Tornado/Twisted - Celery - Gevent Comparison

arnoutaertgeerts picture arnoutaertgeerts · Jun 15, 2013 · Viewed 9.3k times · Source

I'm having a bit of trouble understanding the differences between these three frameworks:

These three frameworks can be used to run code at the same time but do this in different way using a different amount of threads/processes or codestyle. This is how I'm understanding the differences right now:

  • Tornado/Twisted use asynchronous code controlled by an I/O loop. This allows the code to be ran on a single thread (multiple threads are useless because if you have non-blocking code this is unnecessary)
  • Celery uses a task based system to run code asynchronously, the code in itself is still synchronous. A main process exists that is able to distribute the different tasks between other workers on different processes.
  • Gevent uses a thread based system and spawns a thread to process different incomming connections.

The Questions I'm having right now are:

  1. Is my understanding of these frameworks correct?
  2. The major difference between a thread and process is that different threads use the same memory whereas processes do not. Is one process normally run on one server core? (And thus making Celery hard to implement on a small server)
  3. If we are talking about webapplications and sockets:

Tornado/Twisted Are able to accept (almost) any amount of sockets because they use asyncronous code and queue the request in the I/O loop.

Are Celery/Gevent able to this? Do they have to spawn a new process/thread to be able to accept a new socket?

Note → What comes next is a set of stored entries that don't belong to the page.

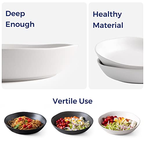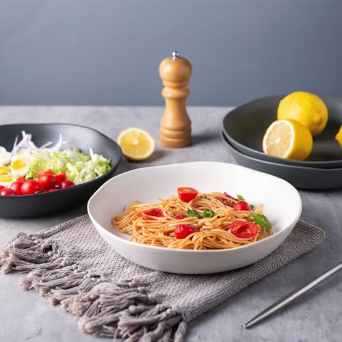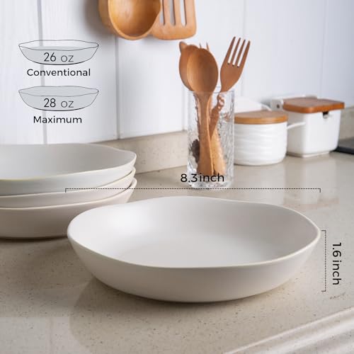 AmorArc - امور ارك اوعية مكرونة من السيراميك مقاس 8.3 انش مجموعة 4 الخزف الحجري سعة 28 اونصة للمطبخ والفرن والميكروويف وغسالة الصحون مع حافة مموجة لوجبة سلطة المعكرونة ابيض غير لامع
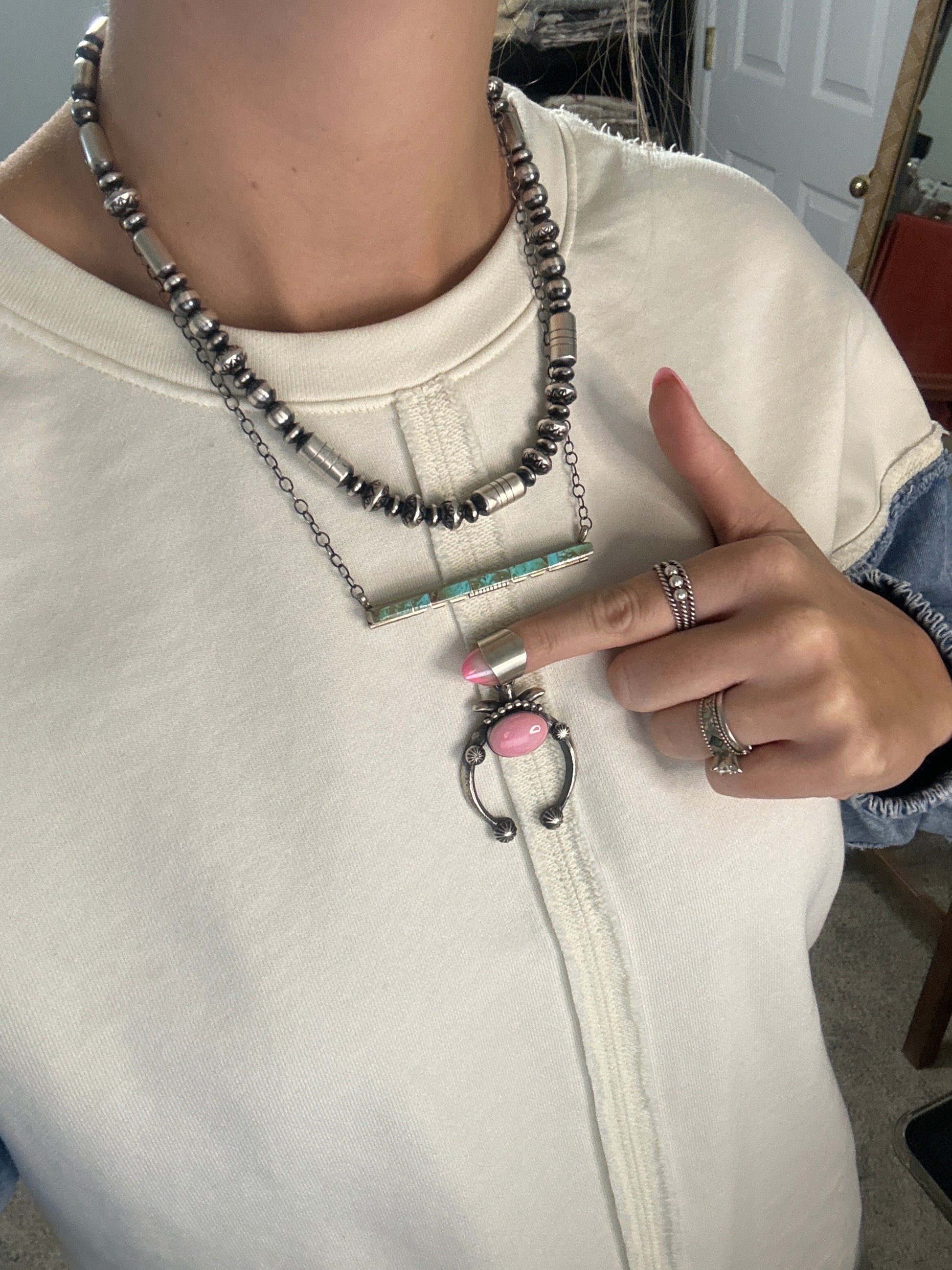 - chimney butte pink conch naja pendant - signed and stamped. genuine stone. will fit 10mm pearls. sterling silver. measures 3.5" from top of bail x 2" wide.
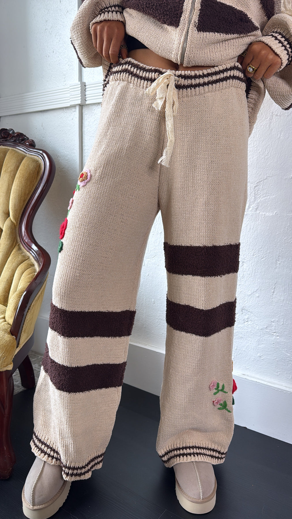 Cozy meets chic in our Flower Petal Pant. Crafted from a soft, lightweight knit, these cream-colored pants feature bold chocolate stripes and delicate hand-embroidered floral accents for that perfect touch of charm. The relaxed, wide-leg silhouette offers ultimate comfort while keeping your look effortlessly stylish.
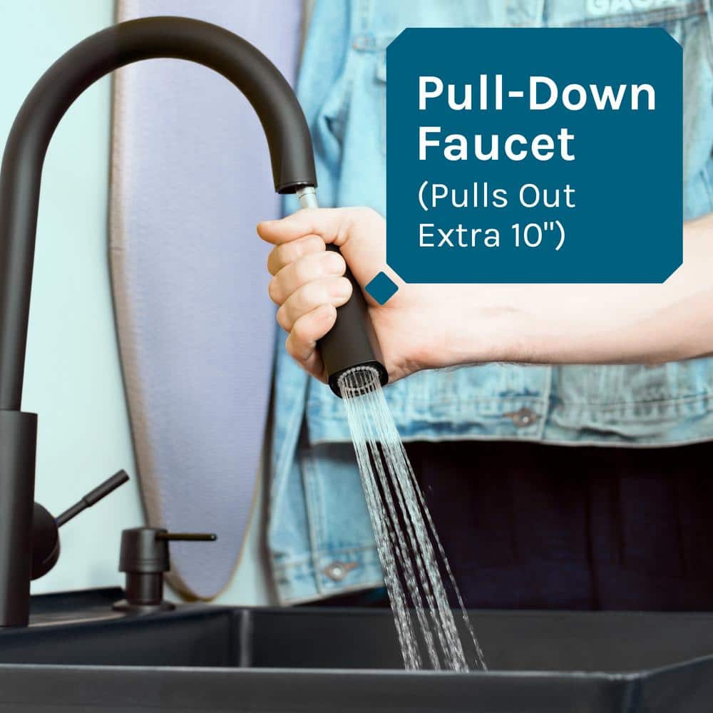 • Versatile Faucet: High-arc design with pull-down functionality for maximum reach and convenience.
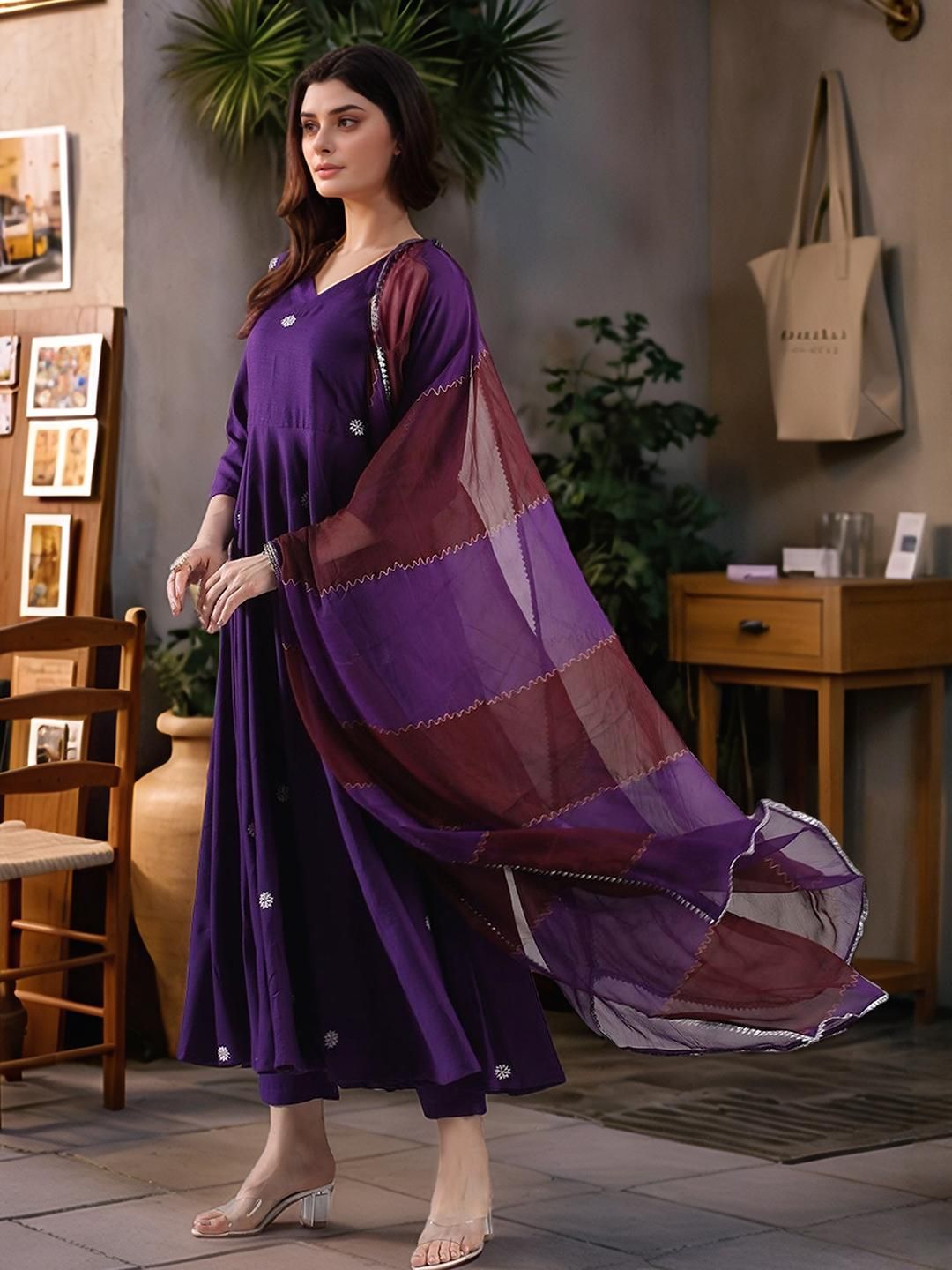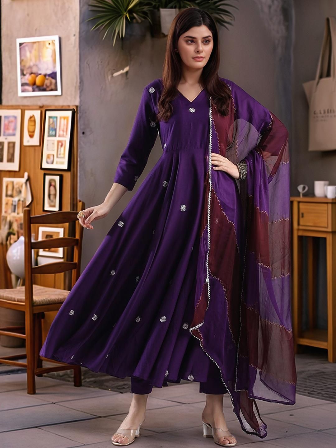 Aaghnya Women Embroidered Cotton Blend Kurta Sets
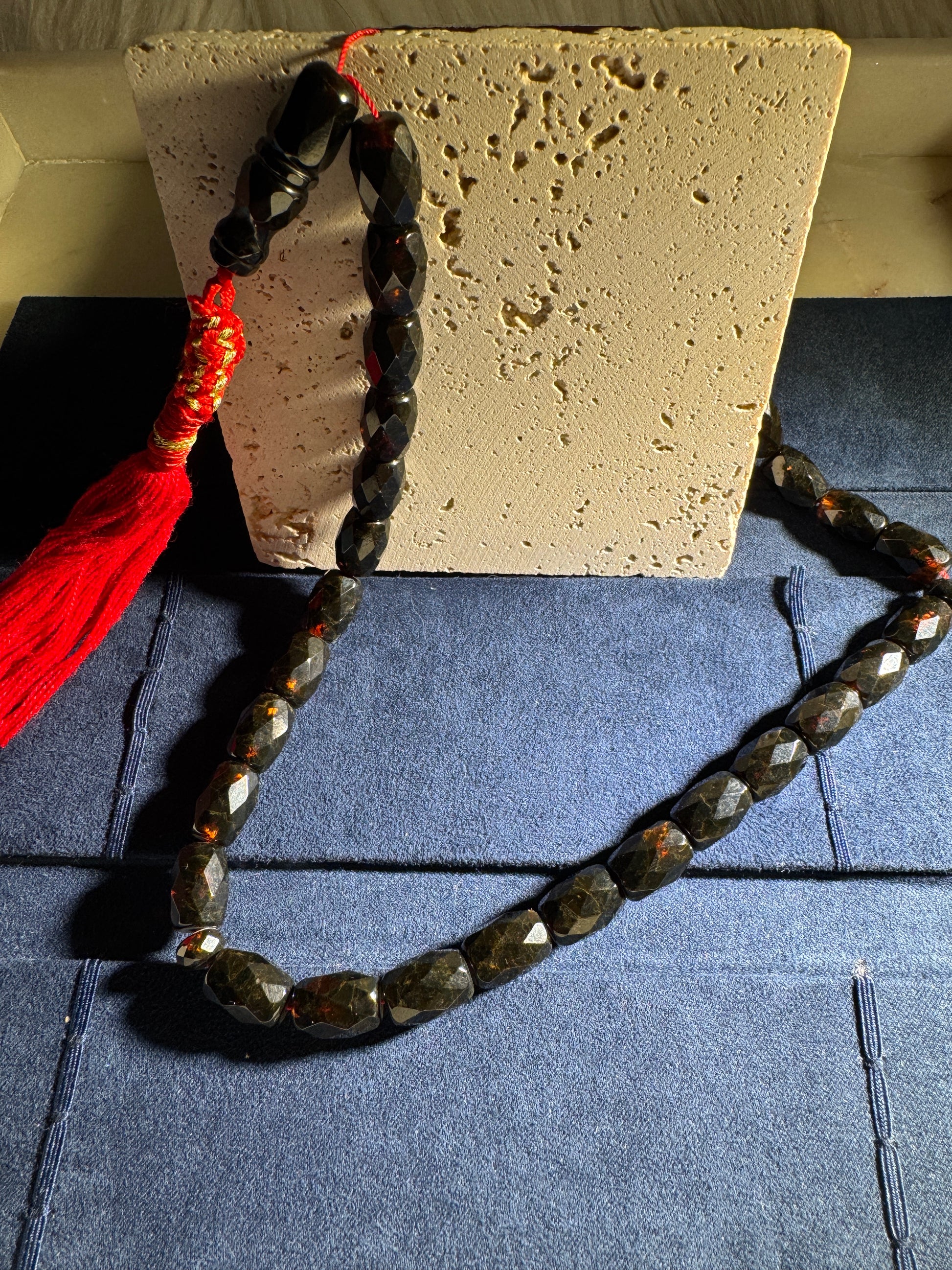 This luxurious Macintosh Russian Amber Masbaha is handcrafted with 33 faceted beads measuring 10x15mm, offering a perfect balance between elegance and comfort. Weighing 35 grams, this masbaha is ideal for daily dhikr or as a thoughtful Islamic gift.
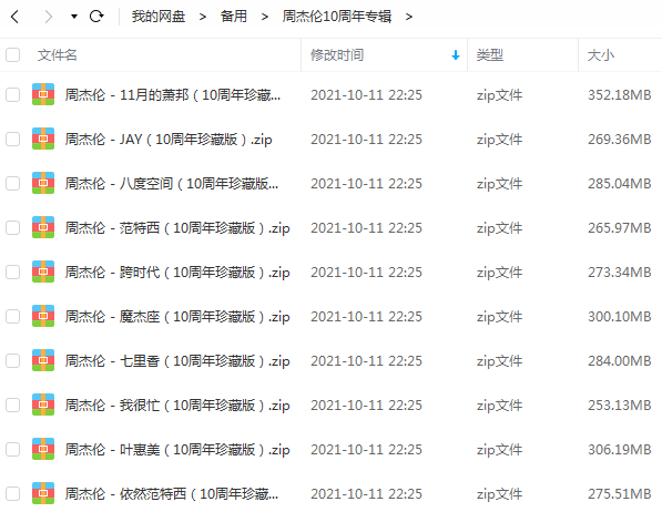 音乐专辑:周杰伦歌曲合集-《10周年珍藏版》10张专辑
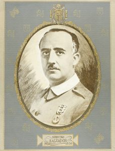 .1939 ca.. FOTOGRAFÍA: .(ÁLBUM-DICTADURA). .SALVADORES DE ESPAÑA.. México: Imp. Algarín, 1939. folio. 2 h. + 32 litografías. Todas las litografías son retratos de Franco y sus generales afines. Presentado en carpeta con escudo dorado en el...
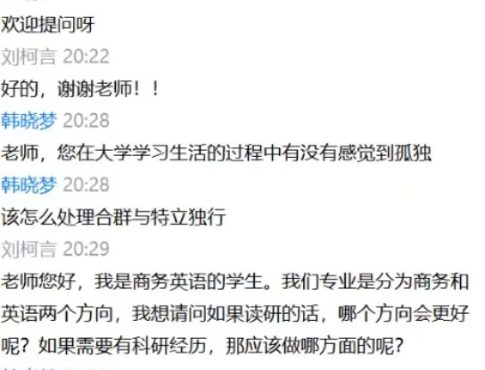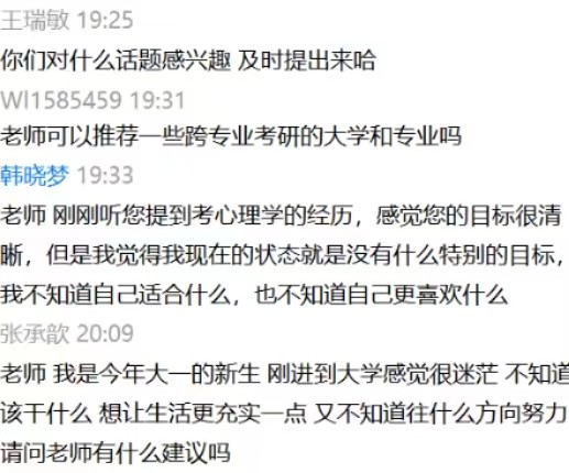 举办线上主题沙龙,助力生涯规划。学院Sunny Mood 阳光导航心理协会举办“语后春笋”系列心理沙龙,邀请曾任北京师范大学心理学部党委副书记、威尼斯7798cc2000级校友王瑞敏为新生做以“漫谈大学生生涯发展”为主题的教育讲座。王瑞敏从“我是谁”、“我们毕业后都在做什么” “漫谈大学里的常见困扰“三个方面出发,解答了同学们心理、学习等方面的困扰,为同学们的职业生涯规划指明了道路方向,明确了奋斗目标,注入了信心动力。
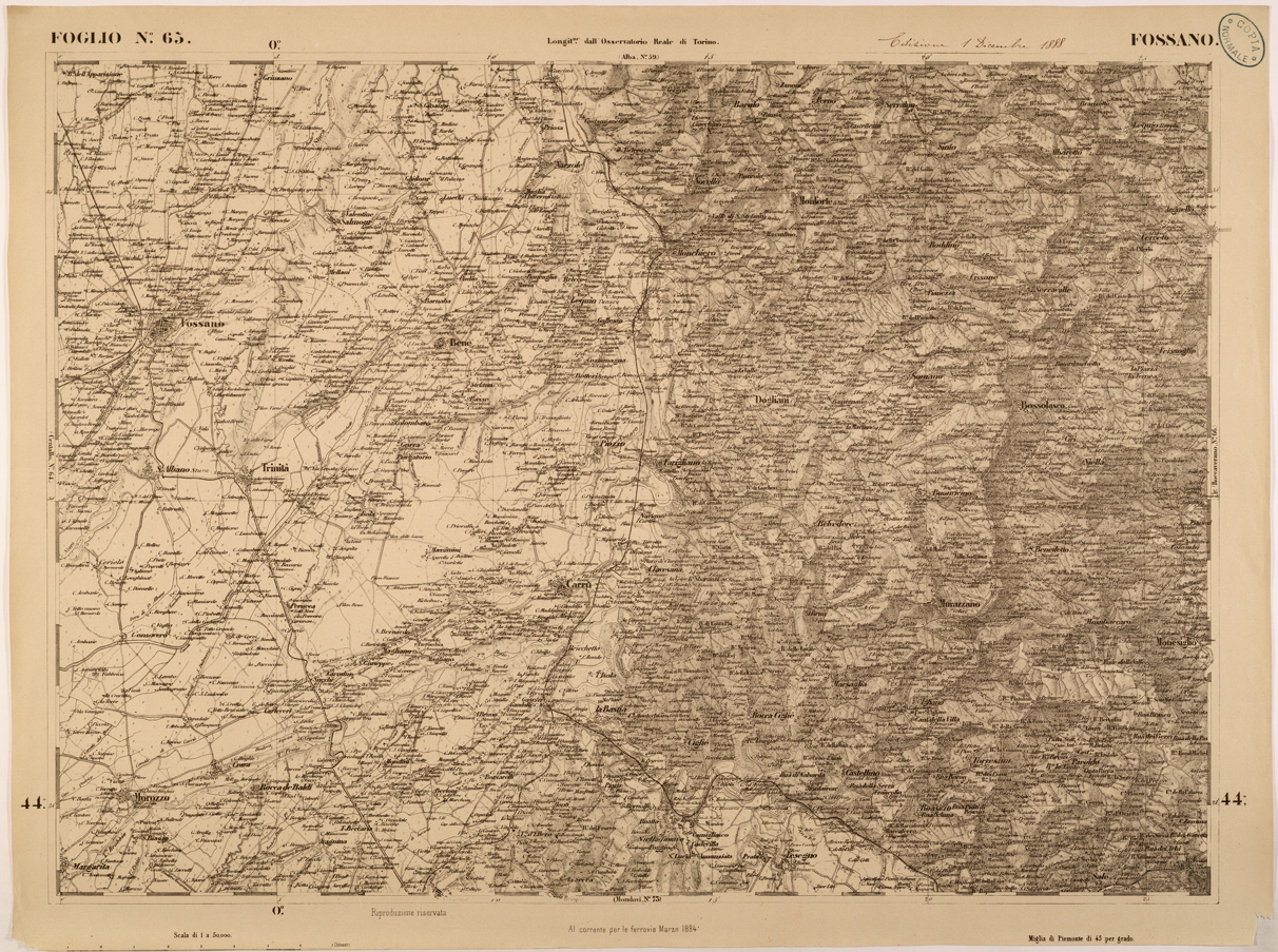 "FOGLIO 65 FOSSANO - La proiezione adottata è quella di Flamsteed modificata o di Bonne. Il centro del circolo meridiano stabilito nell' Osservatorio Reale di Torino fu scelto per origine delle coordinate o centro di sviluppamento. Latitudine e longitudine est di questo punto dal meridiano di Parigi,determinate astronomicamente, risultarono: 45°04'08",06 e 5°21'24",75. Elementi che servirono ai calcoli della proiezione furono:semiasse maggiore e minore della terra lunghezza della normale nel punto d'origine raggio del circolo osculatore al meridiano nel punto d'origine schiacciamento terrestre quadrato dell'eccentricità. La superficie fu divisa in quattro regioni corrispontenti al nord-est, sud-est, sud-ovest, nord-ovest comprendendo in complesso 90 fogli. "
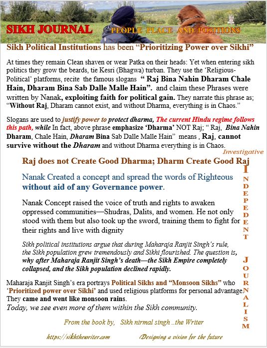 sikh writer Nirmal Singh; Maharaja Ranjit Singh’s era portrays Political Sikhs and “Monsoon Sikhs” Today, we see even more of them..
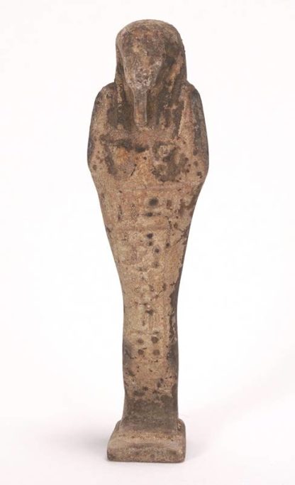 Ägypten wohl Spätzeit um 600 v. Chr. Fayence mit Resten blau-grüner Glasur. Mumienförmige Grabbeigabe mit vor der Brust gekreuzten Armen. Darunter Hieroglyphenreihen. Größe ca. 3,5 x 2,5 cm, Höhe ca. 11,3 cm, Gewicht ca. 42 Gramm. Teils berieben und bestoßen. Altersbedingter Zustand wie abgebildet. Aufgrund der schwierigen Sachlage kann keine Garantie für Herkunft oder Alter übernommen werden. Bitte besichtigen Sie selbst. Aus einer Frankfurter Privatsammlung mit Provenienz teils aus der Spezialfunktion Sammlung ägyptischer Kunst Auktionshaus Weidler 2006 und anderen Auktionshäusern im Raum Frankfurt. Wir machen darauf aufmerksam, dass dieser Gegenstand nicht aus Deutschland ausgeführt werden darf.

I'm trying to figure out which of these technologies is best suited to built a real-time web application.

Answer

Philip Cristiano picture Philip Cristiano · Jun 16, 2013
  1. Gevent uses greenlets instead of threads on an IO loop implicitly, so there is no reactor / IO loop to manually start in the case of Twtisted/Tornado. It also has the ability to monkey patch existing libraries to support it's evented operation, Tornado and Twisted require specific libraries to work with their event loops although you will find many already exist.

    Celery is made much more for background processing to offload expensive computations to another process/server.

  2. Processes can share memory but not in the same way that threads do. Threads in CPython suffer from the GIL and generally it is worth not using a threaded solution if you are doing anything CPU intensive.

    I'm not sure of Celery's memory requirements but if you are using 1 web process and 1 background process you should be fine even on a 256MB VPS, although more is better if you are supporting many connections.

  3. The number of sockets that can be handled with Tornado/Twisted/Gevent will likely be bounded by the amount and frequency of IO done per socket. Low frequency/low bandwidth sockets are much easier to support a large number of concurrent connections as they will mostly be idle.

    Celery will still require some application to listen for sockets and make calls to be processed with the Celery daemon. It supports Gevent as well so you can handle multiple tasks concurrently if required.